Eileen Mary Ure (18 February 1933 - 3 April 1975) was a Scottish actress of stage and film.
Born in Glasgow where she studied at the School of Drama Ure was the daughter of civil engineer Colin McGregor Ure and Edith Swinburne. She went to the independent Mount School in York and went on to train for the stage at the Central School of Speech and Drama in London. Known for her beauty, Ure began performing on the London stage and quickly developed a reputation for her abilities as a dramatic actress.
While starring in John Osborne's play Look Back in Anger she began a relationship with the married Osborne; after he obtained a divorce they married in 1957. Ure went to New York City in 1958 to star in the Broadway production of Look Back in Anger and earned a Tony Award nomination for best dramatic actress. The highly successful play was translated to film and Ure reprised her role alongside Richard Burton. But her marriage to the womanizing John Osborne was already in difficulty and in 1959 she began an affair with actor Robert Shaw while they costarred in The Changeling at London's Royal Court Theatre. She gave birth to a son, naming him Colin Murray Osborne despite his physical resemblance to Shaw. She married Shaw on 13th April 1963 and as a married couple they legally adopted Colin who then became Colin Murray Shaw. The couple went on to have three more children.
In 1960 she appeared in the film Sons and Lovers and was nominated for both the Golden Globe Award and the Academy Award for Best Supporting Actress. In 1960 she took time off to begin a family, returning to motion pictures in the sci-fi drama The Mind Benders (1962) starring Sir Dirk Bogarde in which she provided a wonderfully layered performance. In 1967 Ure appeared in a film with her husband Robert Shaw. The following year she teamed up again with Richard Burton and Clint Eastwood in the box office success Where Eagles Dare. Then in 1968 she appeared with Shaw as his wife in Custer of the West.

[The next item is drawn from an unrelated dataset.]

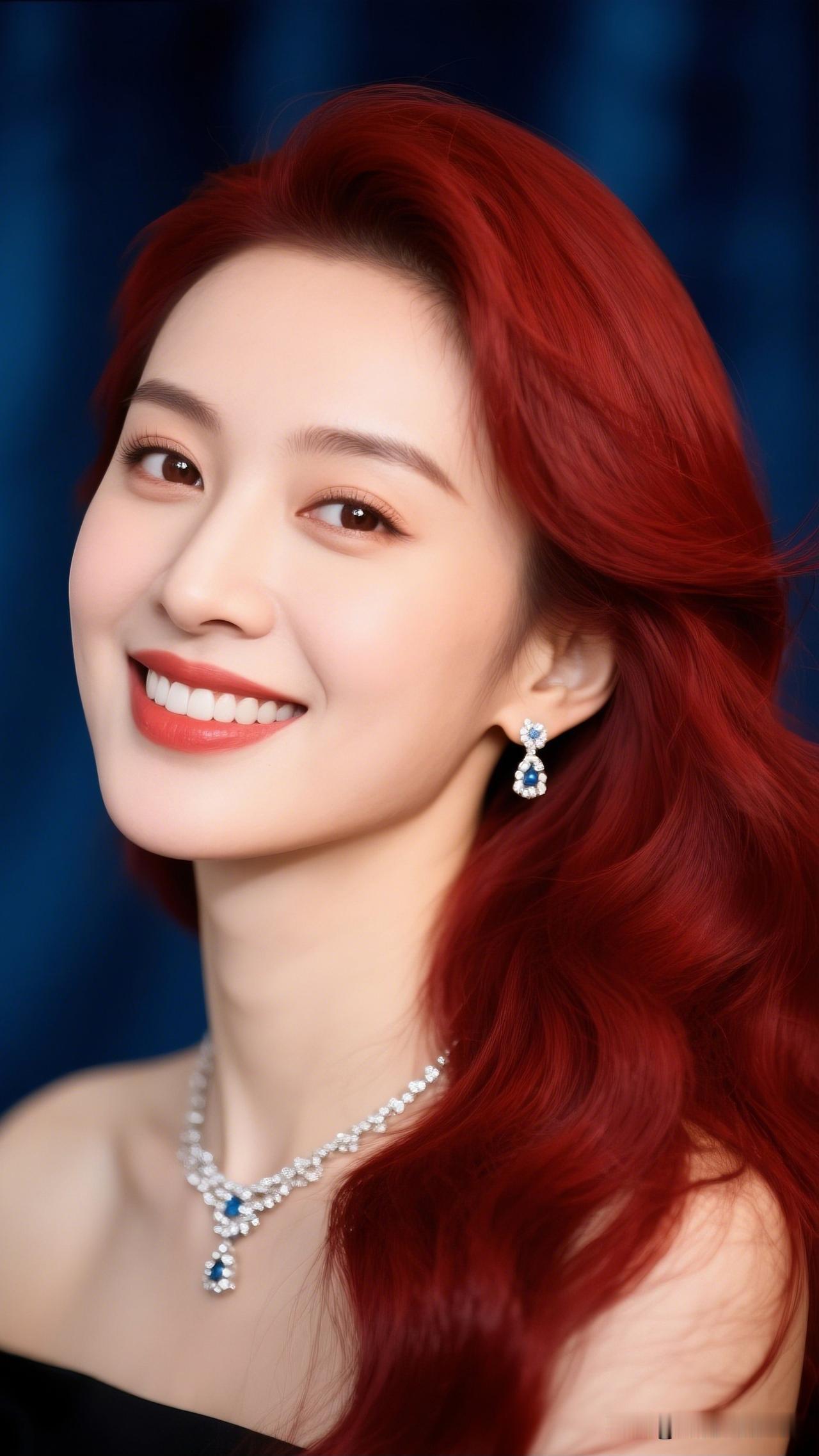 红发美女的迷人微笑,闪耀的珠宝点缀,尽显优雅与魅力!💄✨照片记录眼中的美

Ure did not return to film for another five years, although she did perform on stage. However her personal life was in turmoil and her growing alcoholism affected her career to the point she was fired from the 1974 pre-Broadway production of Love for Love and was replaced by her understudy Glenn Close.
In April of 1975 she appeared on the London stage with Honor Blackman and Brian Blessed and, after a disastrous opening night, died as the result of an overdose of alcohol and barbiturates. She was 42.